- **Your assignment**: Only the lines from the one holding "#重返未来:1999 #重返未来1999 #今天游戏圈发生了啥" through the end of the material are to be repeated, exactly and without pictures.

- **Dataset content**:
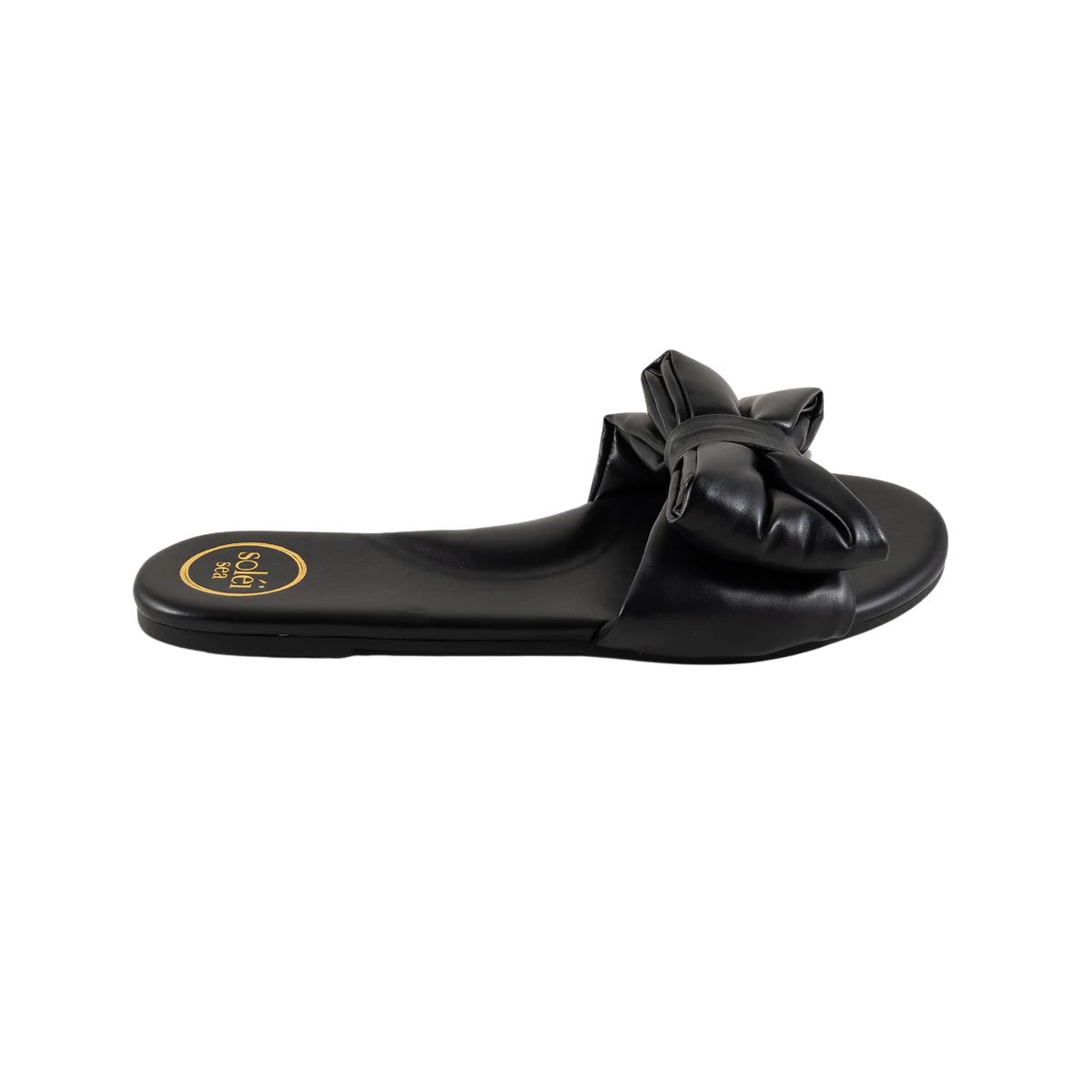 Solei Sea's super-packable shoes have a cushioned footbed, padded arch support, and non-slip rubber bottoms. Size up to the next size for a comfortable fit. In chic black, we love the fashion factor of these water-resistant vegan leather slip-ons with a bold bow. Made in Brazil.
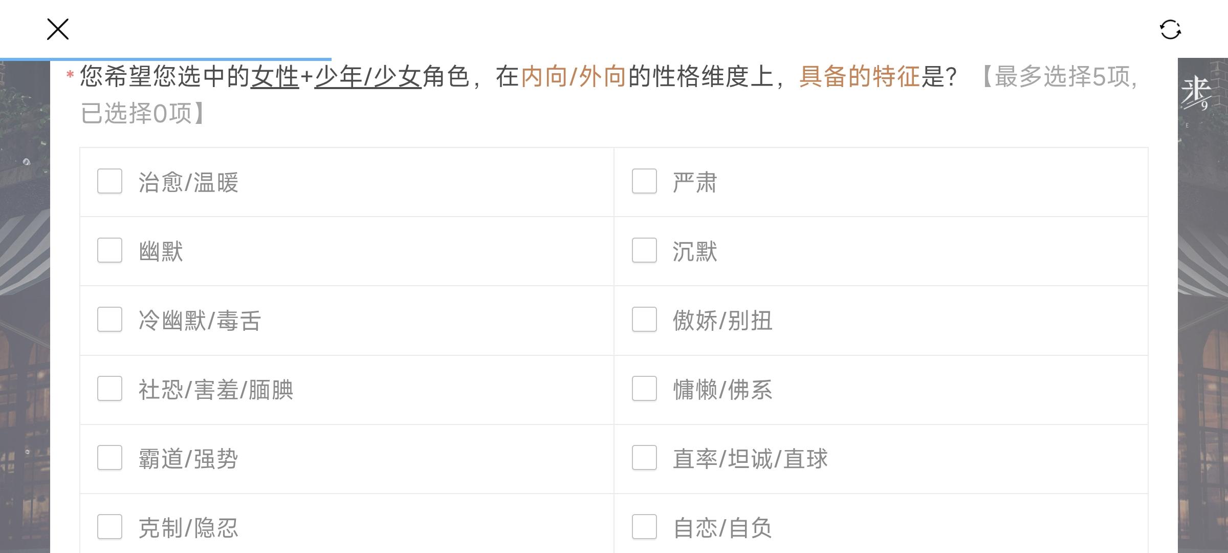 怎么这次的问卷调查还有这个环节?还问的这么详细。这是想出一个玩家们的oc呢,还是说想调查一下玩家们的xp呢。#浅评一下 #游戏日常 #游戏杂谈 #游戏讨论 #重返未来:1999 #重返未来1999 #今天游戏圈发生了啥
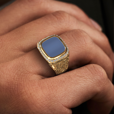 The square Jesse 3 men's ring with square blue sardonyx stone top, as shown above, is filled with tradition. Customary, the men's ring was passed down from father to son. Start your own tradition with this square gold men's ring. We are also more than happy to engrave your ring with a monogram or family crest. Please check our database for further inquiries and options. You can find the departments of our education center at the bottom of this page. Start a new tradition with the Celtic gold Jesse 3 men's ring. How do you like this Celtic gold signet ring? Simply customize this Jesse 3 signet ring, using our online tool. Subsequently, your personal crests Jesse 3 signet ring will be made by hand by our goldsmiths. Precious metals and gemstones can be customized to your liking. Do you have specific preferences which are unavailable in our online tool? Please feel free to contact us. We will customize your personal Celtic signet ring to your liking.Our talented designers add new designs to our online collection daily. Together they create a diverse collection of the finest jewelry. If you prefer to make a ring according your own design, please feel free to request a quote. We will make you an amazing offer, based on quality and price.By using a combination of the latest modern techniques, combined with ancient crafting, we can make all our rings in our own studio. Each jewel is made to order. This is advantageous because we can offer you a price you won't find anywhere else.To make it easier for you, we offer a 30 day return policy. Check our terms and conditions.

- **Answer space**:
 怎么这次的问卷调查还有这个环节?还问的这么详细。这是想出一个玩家们的oc呢,还是说想调查一下玩家们的xp呢。#浅评一下 #游戏日常 #游戏杂谈 #游戏讨论 #重返未来:1999 #重返未来1999 #今天游戏圈发生了啥
 The square Jesse 3 men's ring with square blue sardonyx stone top, as shown above, is filled with tradition. Customary, the men's ring was passed down from father to son. Start your own tradition with this square gold men's ring. We are also more than happy to engrave your ring with a monogram or family crest. Please check our database for further inquiries and options. You can find the departments of our education center at the bottom of this page. Start a new tradition with the Celtic gold Jesse 3 men's ring. How do you like this Celtic gold signet ring? Simply customize this Jesse 3 signet ring, using our online tool. Subsequently, your personal crests Jesse 3 signet ring will be made by hand by our goldsmiths. Precious metals and gemstones can be customized to your liking. Do you have specific preferences which are unavailable in our online tool? Please feel free to contact us. We will customize your personal Celtic signet ring to your liking.Our talented designers add new designs to our online collection daily. Together they create a diverse collection of the finest jewelry. If you prefer to make a ring according your own design, please feel free to request a quote. We will make you an amazing offer, based on quality and price.By using a combination of the latest modern techniques, combined with ancient crafting, we can make all our rings in our own studio. Each jewel is made to order. This is advantageous because we can offer you a price you won't find anywhere else.To make it easier for you, we offer a 30 day return policy. Check our terms and conditions.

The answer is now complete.